JOHANNESBURG — A new snapshot of the frantic global response to the coronavirus pandemic shows some of the world’s largest government donors of humanitarian aid are buckling under the strain: Funding commitments, for the virus and otherwise, have dropped by a third from the same period last year.
The analysis by the U.K.-based Development Initiatives, obtained in advance by The Associated Press, offers a rare real-time look at the notoriously difficult to track world of aid.
At a time when billions of people are struggling with the pandemic and the ensuing economic collapse — on top of long-running disasters like famine, drought or unrest — more, not less, money is urgently needed. New virus protection equipment must be bought for almost everything, from maternity wards in African villages to women’s shelters in Syrian refugee camps.

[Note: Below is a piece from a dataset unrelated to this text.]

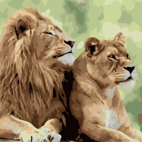 Набір для розпису по номерах Подружжя левів, Strateg, 40x40 см, SK003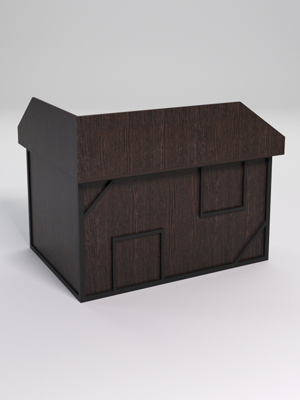 Мебель выполнена в стиле лофт. Фронтальная часть оснащена металлическими декоративными конструкциями, два квадрата и два треугольника. Стиль лофт подходит для различных стилей интерьера и может быть использована как в коммерческих, так и в жилых помещениях. Столешница стола также имеет необычную волнообразную форму. У данной конструкции расположена царга до пола.

“We have not seen substantial funding for COVID, yet the situation is going to get worse,” Rosalind Crowther, South Sudan country director for the aid group CARE, told the AP in May, saying “some donors have backtracked on earlier commitments.” The group runs two dozen health
In Somalia, a mother of twin baby boys told Amnesty International she had to give birth in her makeshift home in a camp for displaced people because no local health clinic was open. Aid workers told Amnesty researcher Abdullahi Hassan the newly reduced services were due to lack of funding.
“You can imagine how risky this is,” he told the AP.
During the first five months of this year, overall aid commitments from the largest government donors were $16.9 billion, down from $23.9 billion in the same period last year, according to the new analysis, which drew on data from the United States, the United Kingdom, European Union institutions, Germany, France, Canada and others.
Many of these donors — notably the U.K., whose aid commitments have dropped by nearly 50% from last year, according to the analysis — are struggling as their economies contract. The sheer magnitude of the crisis is another challenge as every part of the world needs help — and now.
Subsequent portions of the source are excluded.